« Cookie statistical distributions | Main | Anylogic and JPA »

October 01, 2011

Ruttiness

I am building a simulation model to study the "paths" that people take as they are learning because I want to ultimately design a computer that can best support a learner by suggesting highly effective paths for people to take (and even influencing the path by interacting with the learner).

I am so early in this process. Currently, I have a system that creates random (empty) learning objects, and I can create any number of students who all hop randomly from object to object.

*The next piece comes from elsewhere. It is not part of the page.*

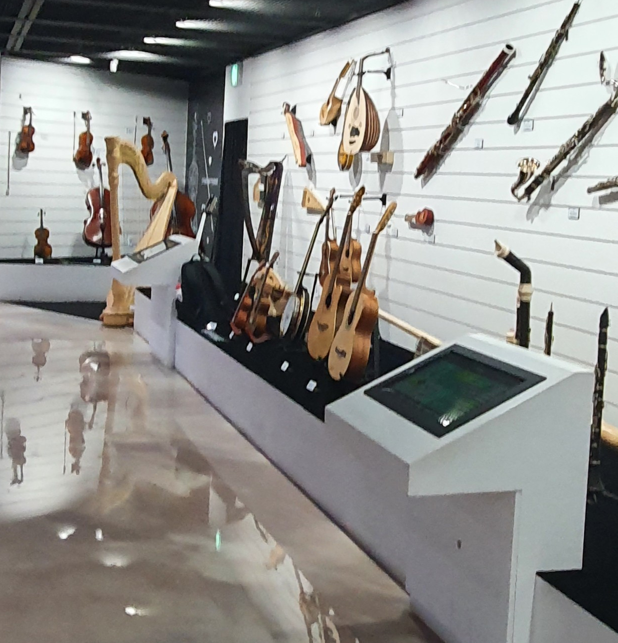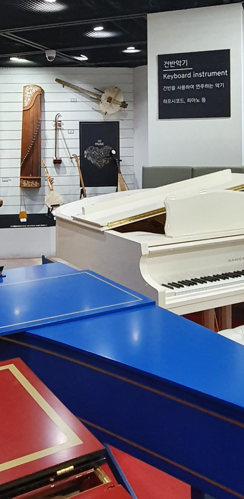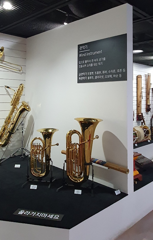 건반악기, 관악기, 현악기, 타악기 등 종류도 많아요. 여러 악기들을 직접 체험하고 소리를 들어볼 수 있어요.
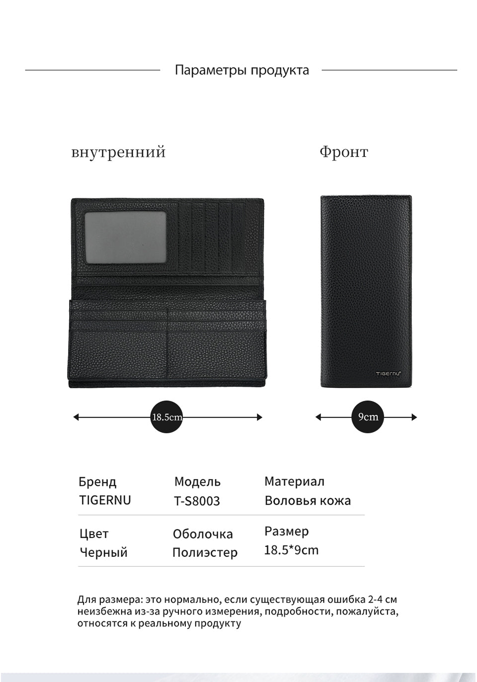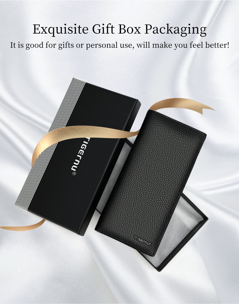 TIGERNU Craftsmanship Design 10 Inch Top Layer Cowhide Durable and Sturdy Classic Style Business Communication Daily Men's Wallet

Each learning object accumulates learner model stamps as time goes on.

Next, I have to implement some kind of system that compares learner's paths to each other. Why do I want to compare learner's paths to each other? So I can cluster them. Because some paths will be more like others. Why do I need to cluster them? Because I need to be able to take any learner, call her S, and look at their path so far, and find other "paths" like theirs. Then, I can predict ahead to see what these other students did in their paths in the future, and, use this information to suggest something useful to give to S to work from.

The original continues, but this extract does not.